- Born: Florence Katz March 22, 1921 Brooklyn, New York, US
- Died: December 13, 2012 (aged 91) Branford, Connecticut, US
- Education: Columbia University (MSS) Brooklyn College (BA)
- Occupations: Novelist, educator
- Spouse: Zeke Ziner
- Writing career
- Language: English
- Genre: Children's literature

= Feenie Ziner =

American author and educator

Florence "Feenie" Ziner (March 22, 1921 — December 13, 2012) was an American author and educator specializing in children's literature.

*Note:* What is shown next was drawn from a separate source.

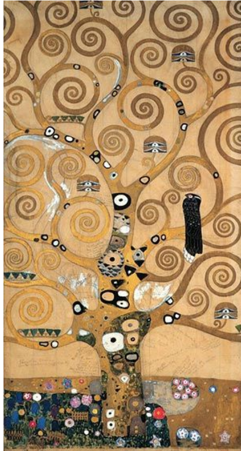
Figure 1: Example of an art nouveau image from Gustav Klimt ‘Tree of Life’

Taking our inspiration from this art movement, we will focus on curved lines in particular ‘parametric curves’ that can be used to control plotting out circular and curved forms with a focus on spirals. In addition, this lab is inspired by the use of repetitive organic shapes (for example the rich tiled elements in many of Gustav Klimt’s pieces).

She taught English literature and creative writing at the University of Connecticut for 20 years before retiring in 1994. Her first book for young children, The Book of Time, sold more than half a million copies.

== Life and career ==
Ziner was born Florence Katz in Brooklyn, New York, to first-generation Americans Morris and Sophie (Guttman) Katz. Her father was a diamond merchant. She attended public schools in New York City and received her Bachelor of Arts degree from Brooklyn College in 1941 and her master's degree from the Columbia University School of Social Work in 1944. She married Zeke Ziner, an artist and sculptor, on September 17, 1941. They had five children: Marc, Joe, Amie, Ted, and Eric. The couple moved to Chicago immediately following World War II, where Ziner worked several years as a psychiatric social worker.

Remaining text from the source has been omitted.